In the late 1960s nothing was hotter in Northern England than American rhythm & blues music. People would take speed and go out to all night dance parties where they’d dance to The Four Tops and Wilson Pickett until dawn. At the beginning of the 70s the sound of American r&b was changing, and the kids in Liverpool weren’t hip to the new sound. They wanted more “Ain’t No Mountain High Enough” and were being given “What’s Going On”. To feed the demand for new songs that fit the 60s soul sound, DJs began combing through back catalogs of lesser known and regional American r&b labels, hoping to find songs that would scratch the “new music” itch but would also be familiar enough that the kids would dance to it, creating a strange new strata of music: songs that had been released years ago and were forgotten in Detroit and Memphis but were now regional hits in Manchester and Wigan. These songs became known as “Northern Soul” and turned also-ran songs like “Nothing Can Stop Me” by Gene Chandler and “Landslide” by Tony Clarke into chart juggernauts (assuming the chart was based in Leeds). Probably the most well known Northern Soul track is Gloria Smith’s “Tainted Love”, later covered by Yorkshire synthpop duo Soft Cell.

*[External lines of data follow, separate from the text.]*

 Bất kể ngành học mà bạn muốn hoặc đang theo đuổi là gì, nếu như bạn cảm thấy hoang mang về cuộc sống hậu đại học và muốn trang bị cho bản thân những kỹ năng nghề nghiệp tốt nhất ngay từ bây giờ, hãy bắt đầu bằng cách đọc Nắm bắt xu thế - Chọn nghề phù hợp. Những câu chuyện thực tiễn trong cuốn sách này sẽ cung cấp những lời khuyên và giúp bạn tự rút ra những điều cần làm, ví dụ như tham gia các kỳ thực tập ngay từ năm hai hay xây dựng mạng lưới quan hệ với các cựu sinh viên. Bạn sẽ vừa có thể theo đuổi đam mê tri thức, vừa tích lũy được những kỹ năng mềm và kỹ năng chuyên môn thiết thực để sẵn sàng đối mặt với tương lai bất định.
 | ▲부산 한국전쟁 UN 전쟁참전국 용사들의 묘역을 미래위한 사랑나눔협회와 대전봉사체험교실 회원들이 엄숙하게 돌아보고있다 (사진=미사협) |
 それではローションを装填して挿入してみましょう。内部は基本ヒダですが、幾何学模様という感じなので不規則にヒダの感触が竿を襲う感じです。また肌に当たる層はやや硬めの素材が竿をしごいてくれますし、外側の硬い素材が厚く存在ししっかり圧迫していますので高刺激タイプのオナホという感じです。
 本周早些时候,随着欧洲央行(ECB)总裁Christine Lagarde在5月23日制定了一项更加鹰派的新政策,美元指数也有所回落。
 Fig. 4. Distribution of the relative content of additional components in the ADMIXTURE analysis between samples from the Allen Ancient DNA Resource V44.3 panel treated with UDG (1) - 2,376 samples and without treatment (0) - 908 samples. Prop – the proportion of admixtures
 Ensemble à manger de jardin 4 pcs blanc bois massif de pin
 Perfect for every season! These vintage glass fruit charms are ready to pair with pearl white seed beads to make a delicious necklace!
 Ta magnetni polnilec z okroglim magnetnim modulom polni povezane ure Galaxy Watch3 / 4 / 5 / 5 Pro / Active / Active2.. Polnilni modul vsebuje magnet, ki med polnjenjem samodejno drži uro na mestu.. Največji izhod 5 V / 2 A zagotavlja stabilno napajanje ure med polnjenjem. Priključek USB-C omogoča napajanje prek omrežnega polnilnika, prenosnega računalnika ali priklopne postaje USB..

On a certain level, this entire yearlong project is an attempt to do what crate-digging Sheffield DJs were doing in the 1970s. The powers that be aren’t making the same kind of mid budget tentpoles that I’m interested in seeing, so I’m mining the past to see if there are any forgotten relics that were lesser known in their time but can now be seen as bangers that we just didn’t appreciate at time of release. Unfortunately movies don’t really work on the same business model as music, and so it’s substantially rarer to find something that was made with some clear production values behind it but was also undermarketed and underappreciated. That rarity though just makes it all the better when you find something that is an absolute gem of a blockbuster-that-never-was, something like Sunshine.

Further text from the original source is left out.